## The problem
What is needed is an exact retyping of the records below, from the first line through the line that contains "Кола, радіуси яких".

── Entries shown

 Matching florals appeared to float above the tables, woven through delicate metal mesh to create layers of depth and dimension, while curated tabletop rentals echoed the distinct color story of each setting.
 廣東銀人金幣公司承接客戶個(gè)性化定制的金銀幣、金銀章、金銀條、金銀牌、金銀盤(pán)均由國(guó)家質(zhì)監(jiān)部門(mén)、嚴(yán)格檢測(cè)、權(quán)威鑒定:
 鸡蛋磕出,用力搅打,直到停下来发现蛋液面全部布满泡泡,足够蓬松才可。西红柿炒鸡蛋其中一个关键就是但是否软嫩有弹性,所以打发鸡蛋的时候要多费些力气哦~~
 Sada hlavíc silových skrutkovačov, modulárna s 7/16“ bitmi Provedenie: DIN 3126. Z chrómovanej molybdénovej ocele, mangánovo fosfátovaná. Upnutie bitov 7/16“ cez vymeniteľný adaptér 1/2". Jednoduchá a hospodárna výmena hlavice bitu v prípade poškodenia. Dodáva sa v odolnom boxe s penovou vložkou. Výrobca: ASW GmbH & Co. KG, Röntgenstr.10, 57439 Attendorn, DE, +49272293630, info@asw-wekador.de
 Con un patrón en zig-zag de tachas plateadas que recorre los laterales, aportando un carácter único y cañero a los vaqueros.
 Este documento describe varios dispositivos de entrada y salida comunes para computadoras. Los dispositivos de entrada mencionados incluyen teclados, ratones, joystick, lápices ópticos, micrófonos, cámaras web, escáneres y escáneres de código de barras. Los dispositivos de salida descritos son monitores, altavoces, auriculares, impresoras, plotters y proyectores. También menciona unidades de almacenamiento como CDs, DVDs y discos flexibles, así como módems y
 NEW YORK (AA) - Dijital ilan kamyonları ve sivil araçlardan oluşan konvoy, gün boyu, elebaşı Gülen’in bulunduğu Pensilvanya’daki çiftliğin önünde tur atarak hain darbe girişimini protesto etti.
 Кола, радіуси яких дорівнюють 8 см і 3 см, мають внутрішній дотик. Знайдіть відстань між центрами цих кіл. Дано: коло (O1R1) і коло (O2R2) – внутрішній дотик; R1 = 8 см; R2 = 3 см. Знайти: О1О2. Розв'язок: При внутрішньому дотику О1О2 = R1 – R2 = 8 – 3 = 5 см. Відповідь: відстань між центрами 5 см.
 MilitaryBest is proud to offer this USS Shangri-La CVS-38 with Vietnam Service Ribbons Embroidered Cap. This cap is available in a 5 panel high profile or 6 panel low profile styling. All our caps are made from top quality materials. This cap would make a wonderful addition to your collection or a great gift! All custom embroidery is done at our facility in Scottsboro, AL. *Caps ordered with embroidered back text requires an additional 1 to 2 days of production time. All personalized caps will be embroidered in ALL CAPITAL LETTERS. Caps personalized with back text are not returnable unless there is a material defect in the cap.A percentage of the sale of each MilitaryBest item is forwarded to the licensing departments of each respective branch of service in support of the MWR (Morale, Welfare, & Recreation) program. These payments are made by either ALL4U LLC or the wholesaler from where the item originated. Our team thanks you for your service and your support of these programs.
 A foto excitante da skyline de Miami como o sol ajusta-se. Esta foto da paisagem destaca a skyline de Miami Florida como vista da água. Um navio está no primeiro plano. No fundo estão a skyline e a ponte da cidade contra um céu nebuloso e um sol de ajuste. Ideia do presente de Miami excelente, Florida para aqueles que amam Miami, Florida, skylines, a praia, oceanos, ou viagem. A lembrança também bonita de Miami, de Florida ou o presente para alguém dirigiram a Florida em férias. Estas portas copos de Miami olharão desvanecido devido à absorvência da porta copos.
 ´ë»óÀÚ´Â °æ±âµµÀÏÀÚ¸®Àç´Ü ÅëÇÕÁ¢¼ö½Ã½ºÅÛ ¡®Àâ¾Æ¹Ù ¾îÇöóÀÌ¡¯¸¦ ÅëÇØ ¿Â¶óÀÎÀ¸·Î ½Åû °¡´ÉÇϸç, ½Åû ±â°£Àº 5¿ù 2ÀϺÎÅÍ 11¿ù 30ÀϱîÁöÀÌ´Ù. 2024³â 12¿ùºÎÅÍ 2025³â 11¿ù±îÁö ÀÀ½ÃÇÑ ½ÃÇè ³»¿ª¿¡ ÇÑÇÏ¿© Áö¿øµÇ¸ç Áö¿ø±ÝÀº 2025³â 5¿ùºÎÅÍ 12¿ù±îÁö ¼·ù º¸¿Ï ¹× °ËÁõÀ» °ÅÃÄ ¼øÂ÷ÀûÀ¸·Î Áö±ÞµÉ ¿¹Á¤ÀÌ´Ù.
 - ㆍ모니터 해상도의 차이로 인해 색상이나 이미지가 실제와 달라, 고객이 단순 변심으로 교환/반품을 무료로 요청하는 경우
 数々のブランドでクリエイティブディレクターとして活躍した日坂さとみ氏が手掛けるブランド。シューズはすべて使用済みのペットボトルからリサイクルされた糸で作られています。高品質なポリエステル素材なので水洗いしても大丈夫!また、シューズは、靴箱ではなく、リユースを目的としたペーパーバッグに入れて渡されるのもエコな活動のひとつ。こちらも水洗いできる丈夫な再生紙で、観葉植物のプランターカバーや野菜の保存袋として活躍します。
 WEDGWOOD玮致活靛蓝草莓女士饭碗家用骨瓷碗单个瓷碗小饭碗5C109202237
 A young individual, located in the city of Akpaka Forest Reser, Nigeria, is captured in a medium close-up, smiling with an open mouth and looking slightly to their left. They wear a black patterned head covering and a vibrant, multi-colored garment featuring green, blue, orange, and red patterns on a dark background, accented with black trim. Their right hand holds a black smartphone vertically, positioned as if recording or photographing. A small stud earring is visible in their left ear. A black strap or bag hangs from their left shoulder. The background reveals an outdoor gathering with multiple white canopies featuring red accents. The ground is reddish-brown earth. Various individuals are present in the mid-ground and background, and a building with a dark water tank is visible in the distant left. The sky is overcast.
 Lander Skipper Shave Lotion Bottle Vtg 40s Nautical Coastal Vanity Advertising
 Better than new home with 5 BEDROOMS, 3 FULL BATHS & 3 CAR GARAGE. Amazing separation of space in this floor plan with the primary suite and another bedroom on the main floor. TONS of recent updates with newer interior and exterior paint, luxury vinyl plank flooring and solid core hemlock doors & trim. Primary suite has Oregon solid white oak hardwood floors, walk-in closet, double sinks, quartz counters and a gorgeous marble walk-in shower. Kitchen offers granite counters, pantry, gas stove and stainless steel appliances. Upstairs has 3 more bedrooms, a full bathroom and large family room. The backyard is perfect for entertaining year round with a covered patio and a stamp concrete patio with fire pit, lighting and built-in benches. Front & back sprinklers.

────

## Answer to this exercise
 Matching florals appeared to float above the tables, woven through delicate metal mesh to create layers of depth and dimension, while curated tabletop rentals echoed the distinct color story of each setting.
 廣東銀人金幣公司承接客戶個(gè)性化定制的金銀幣、金銀章、金銀條、金銀牌、金銀盤(pán)均由國(guó)家質(zhì)監(jiān)部門(mén)、嚴(yán)格檢測(cè)、權(quán)威鑒定:
 鸡蛋磕出,用力搅打,直到停下来发现蛋液面全部布满泡泡,足够蓬松才可。西红柿炒鸡蛋其中一个关键就是但是否软嫩有弹性,所以打发鸡蛋的时候要多费些力气哦~~
 Sada hlavíc silových skrutkovačov, modulárna s 7/16“ bitmi Provedenie: DIN 3126. Z chrómovanej molybdénovej ocele, mangánovo fosfátovaná. Upnutie bitov 7/16“ cez vymeniteľný adaptér 1/2". Jednoduchá a hospodárna výmena hlavice bitu v prípade poškodenia. Dodáva sa v odolnom boxe s penovou vložkou. Výrobca: ASW GmbH & Co. KG, Röntgenstr.10, 57439 Attendorn, DE, +49272293630, info@asw-wekador.de
 Con un patrón en zig-zag de tachas plateadas que recorre los laterales, aportando un carácter único y cañero a los vaqueros.
 Este documento describe varios dispositivos de entrada y salida comunes para computadoras. Los dispositivos de entrada mencionados incluyen teclados, ratones, joystick, lápices ópticos, micrófonos, cámaras web, escáneres y escáneres de código de barras. Los dispositivos de salida descritos son monitores, altavoces, auriculares, impresoras, plotters y proyectores. También menciona unidades de almacenamiento como CDs, DVDs y discos flexibles, así como módems y
 NEW YORK (AA) - Dijital ilan kamyonları ve sivil araçlardan oluşan konvoy, gün boyu, elebaşı Gülen’in bulunduğu Pensilvanya’daki çiftliğin önünde tur atarak hain darbe girişimini protesto etti.
 Кола, радіуси яких дорівнюють 8 см і 3 см, мають внутрішній дотик. Знайдіть відстань між центрами цих кіл. Дано: коло (O1R1) і коло (O2R2) – внутрішній дотик; R1 = 8 см; R2 = 3 см. Знайти: О1О2. Розв'язок: При внутрішньому дотику О1О2 = R1 – R2 = 8 – 3 = 5 см. Відповідь: відстань між центрами 5 см.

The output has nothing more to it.